As far as I can tell, that's a legacy of 1066. The classiest people were Normans, and so French words and constructions began to sound classier to us. This is why (Germanic) "underwear" sounds much more undignified than (French) "lingerie." Same with "smell" and "fragrance," or "food" and "cuisine."

Of course, the words that come straight from Latin sound classy to us in a different way: they sound more intellectual. But they also sound more stuffy, as opposed to their unsophisticated but powerful Germanic counterparts. You could say, "transform the multifarious oceans incarnadine," or you could say, "make the green sea red with blood." Two very different effects, there. One is perfect for a starchy orator, and one is perfect for a movie trailer. (Shakespeare, of course, played to the nobles and the commoners by using both phrases back to back.)

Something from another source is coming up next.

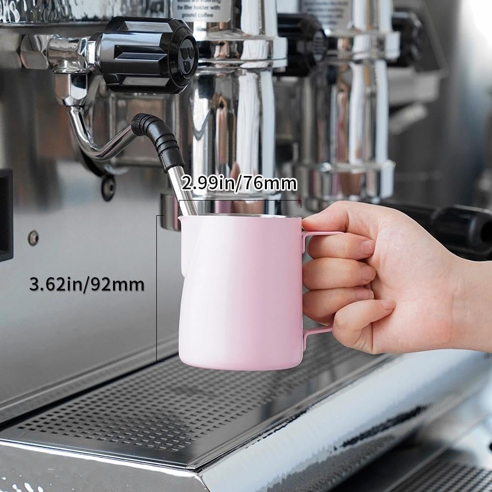 PREMIUM MATERIAL: watchget milk frothing pitcher is made of food grade 304 stainless steel with Pink coating which is durable and sturdy, wear-resistant and heat resistant. Unbreakable for daily use and can serve you a long time. Easy to clean and use, it offers excellent temperature control.
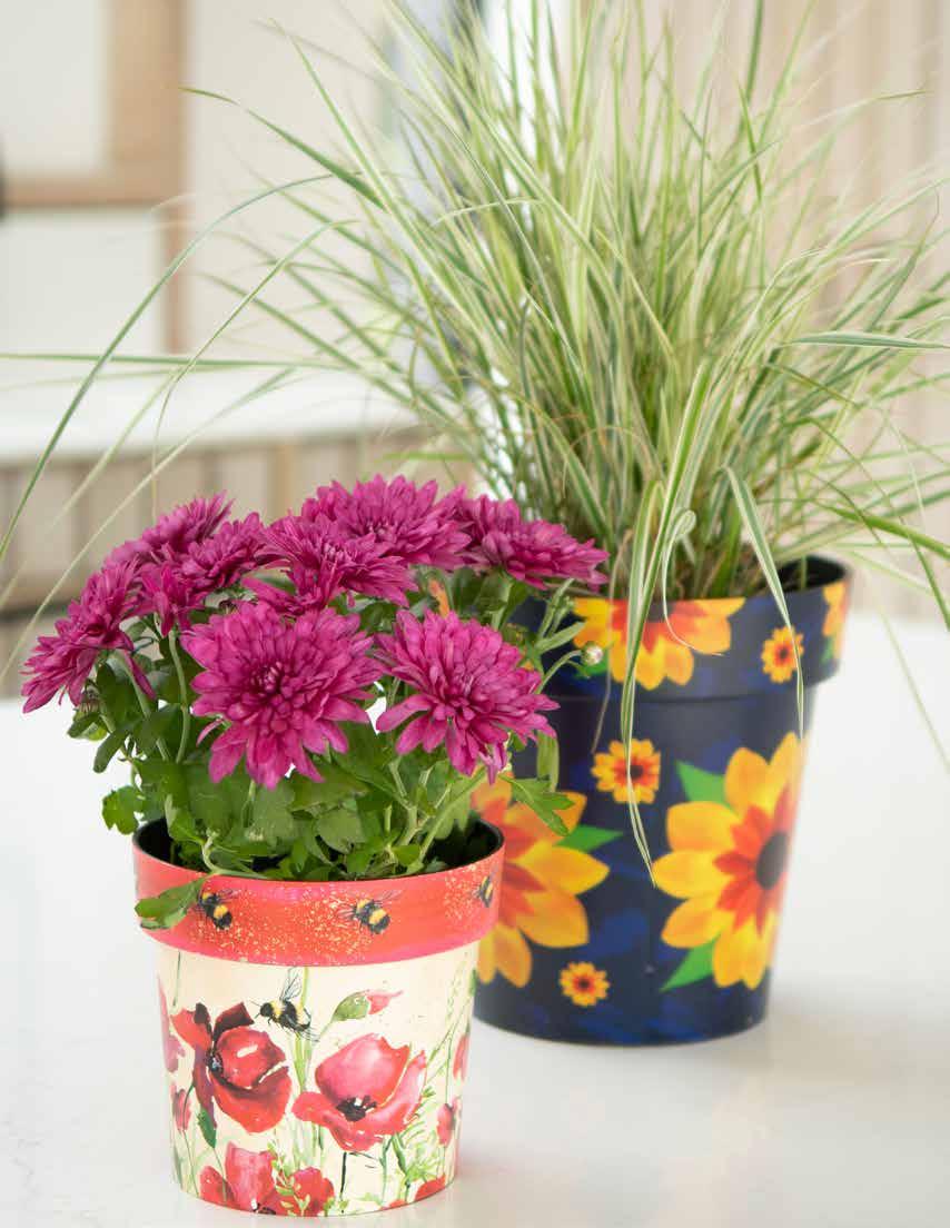 A popular shaped planter in three popular colors. Consist of a mix of bees, butterflies and dragonflies.

Think of how Winston Churchill stirred the hearts of his island nation: "We shall fight on the beaches, we shall fight on the landing grounds, we shall fight in the fields and in the streets, we shall fight in the hills; we shall never surrender..." Only one word there dates from after 1066: "surrender."

Songwriters have to have a good ear for these things. I think of the Sherman brothers, who wrote songs for the Disney musicals of the sixties. They were masters of the language. That's even evident in their nonsense syllables: the same guys who came up with the farcically hyperintellectual Supercalifragilisticexpialidocious turned around and treated us to the comically humble and somehow touching Chim Chim Cher-ee. Perfect! The Germanic and Latinate trends in our language, and all their effects on our minds and hearts, distilled into new words, nonsense words, that are instantly recognizable.